Omit all images, then repeat exactly the lines below from the one containing "Onze slim ontworpen" through the one containing "Işıl ışıl zirkon", both ends included.

- [Material for this exercise]
● ● ● ● ●
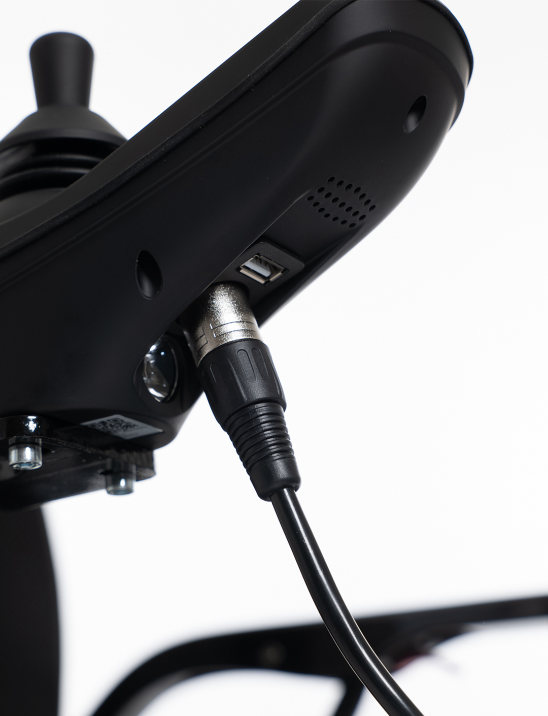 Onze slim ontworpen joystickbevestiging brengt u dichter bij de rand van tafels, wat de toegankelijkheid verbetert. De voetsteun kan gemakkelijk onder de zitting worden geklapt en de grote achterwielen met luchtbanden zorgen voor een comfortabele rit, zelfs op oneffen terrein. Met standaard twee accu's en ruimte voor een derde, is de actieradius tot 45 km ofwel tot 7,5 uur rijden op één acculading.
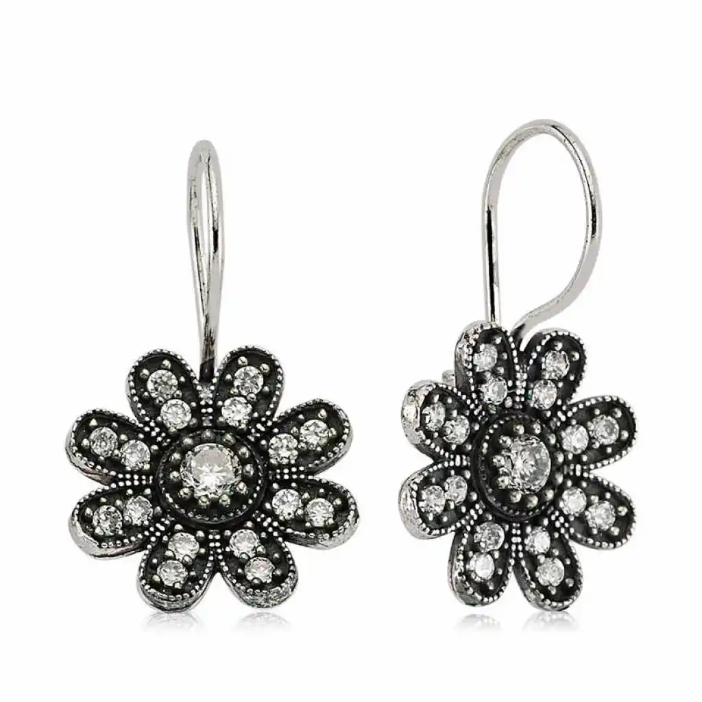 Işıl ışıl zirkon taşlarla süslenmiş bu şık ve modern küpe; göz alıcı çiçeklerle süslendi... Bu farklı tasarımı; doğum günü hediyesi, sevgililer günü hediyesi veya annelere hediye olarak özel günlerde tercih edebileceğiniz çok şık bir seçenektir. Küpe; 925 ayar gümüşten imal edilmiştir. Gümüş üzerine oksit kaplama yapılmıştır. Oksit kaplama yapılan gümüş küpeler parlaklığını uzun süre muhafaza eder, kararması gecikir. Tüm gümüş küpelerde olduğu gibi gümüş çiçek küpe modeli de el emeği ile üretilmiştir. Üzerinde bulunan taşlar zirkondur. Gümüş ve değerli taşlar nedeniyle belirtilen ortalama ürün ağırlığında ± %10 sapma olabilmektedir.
● ● ● ● ●
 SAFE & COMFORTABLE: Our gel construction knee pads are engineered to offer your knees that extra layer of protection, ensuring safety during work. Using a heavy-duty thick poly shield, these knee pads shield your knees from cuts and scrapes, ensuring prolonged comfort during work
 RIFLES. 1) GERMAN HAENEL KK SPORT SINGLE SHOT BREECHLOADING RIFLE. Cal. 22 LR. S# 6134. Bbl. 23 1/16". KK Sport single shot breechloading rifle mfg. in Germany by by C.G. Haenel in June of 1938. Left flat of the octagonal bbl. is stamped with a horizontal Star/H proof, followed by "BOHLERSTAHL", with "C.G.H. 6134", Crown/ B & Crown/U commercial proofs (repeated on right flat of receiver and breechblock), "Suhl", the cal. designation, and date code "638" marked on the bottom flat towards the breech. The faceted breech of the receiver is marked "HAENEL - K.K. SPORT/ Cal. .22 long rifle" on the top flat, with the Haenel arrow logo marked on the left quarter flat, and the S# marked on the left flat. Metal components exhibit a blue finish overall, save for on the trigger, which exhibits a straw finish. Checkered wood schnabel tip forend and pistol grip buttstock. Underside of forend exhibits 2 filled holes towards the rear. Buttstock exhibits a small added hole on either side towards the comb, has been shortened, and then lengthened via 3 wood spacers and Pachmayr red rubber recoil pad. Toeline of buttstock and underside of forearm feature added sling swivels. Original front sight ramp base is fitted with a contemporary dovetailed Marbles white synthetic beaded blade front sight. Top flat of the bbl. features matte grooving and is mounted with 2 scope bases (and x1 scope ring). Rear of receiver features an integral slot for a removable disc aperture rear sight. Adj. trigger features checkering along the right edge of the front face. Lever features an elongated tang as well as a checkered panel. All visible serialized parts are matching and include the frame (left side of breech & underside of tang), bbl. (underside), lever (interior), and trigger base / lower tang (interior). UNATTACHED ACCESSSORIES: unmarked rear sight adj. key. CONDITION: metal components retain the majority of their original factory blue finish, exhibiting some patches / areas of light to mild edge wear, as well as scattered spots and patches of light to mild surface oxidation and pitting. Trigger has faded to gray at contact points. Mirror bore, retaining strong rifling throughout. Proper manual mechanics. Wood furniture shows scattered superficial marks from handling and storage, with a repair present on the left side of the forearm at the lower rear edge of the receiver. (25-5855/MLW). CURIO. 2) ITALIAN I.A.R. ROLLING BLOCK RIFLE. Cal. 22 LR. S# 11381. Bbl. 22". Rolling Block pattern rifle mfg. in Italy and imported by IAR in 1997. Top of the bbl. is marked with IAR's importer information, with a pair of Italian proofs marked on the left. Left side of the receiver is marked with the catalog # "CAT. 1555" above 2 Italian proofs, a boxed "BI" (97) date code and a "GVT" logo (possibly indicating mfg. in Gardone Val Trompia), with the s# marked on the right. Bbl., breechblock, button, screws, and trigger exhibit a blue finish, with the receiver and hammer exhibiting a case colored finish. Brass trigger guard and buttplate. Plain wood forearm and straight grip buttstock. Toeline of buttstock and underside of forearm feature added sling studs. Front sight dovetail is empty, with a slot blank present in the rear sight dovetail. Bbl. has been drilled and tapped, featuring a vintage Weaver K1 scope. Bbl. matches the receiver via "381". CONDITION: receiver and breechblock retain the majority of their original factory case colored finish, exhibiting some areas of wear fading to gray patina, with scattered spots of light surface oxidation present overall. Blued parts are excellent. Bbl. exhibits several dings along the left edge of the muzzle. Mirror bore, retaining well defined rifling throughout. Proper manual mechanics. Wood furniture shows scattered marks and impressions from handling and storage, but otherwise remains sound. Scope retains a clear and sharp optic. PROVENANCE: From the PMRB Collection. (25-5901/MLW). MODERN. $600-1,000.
● ● ● ● ●
- [Solution]
 Onze slim ontworpen joystickbevestiging brengt u dichter bij de rand van tafels, wat de toegankelijkheid verbetert. De voetsteun kan gemakkelijk onder de zitting worden geklapt en de grote achterwielen met luchtbanden zorgen voor een comfortabele rit, zelfs op oneffen terrein. Met standaard twee accu's en ruimte voor een derde, is de actieradius tot 45 km ofwel tot 7,5 uur rijden op één acculading.
 Işıl ışıl zirkon taşlarla süslenmiş bu şık ve modern küpe; göz alıcı çiçeklerle süslendi... Bu farklı tasarımı; doğum günü hediyesi, sevgililer günü hediyesi veya annelere hediye olarak özel günlerde tercih edebileceğiniz çok şık bir seçenektir. Küpe; 925 ayar gümüşten imal edilmiştir. Gümüş üzerine oksit kaplama yapılmıştır. Oksit kaplama yapılan gümüş küpeler parlaklığını uzun süre muhafaza eder, kararması gecikir. Tüm gümüş küpelerde olduğu gibi gümüş çiçek küpe modeli de el emeği ile üretilmiştir. Üzerinde bulunan taşlar zirkondur. Gümüş ve değerli taşlar nedeniyle belirtilen ortalama ürün ağırlığında ± %10 sapma olabilmektedir.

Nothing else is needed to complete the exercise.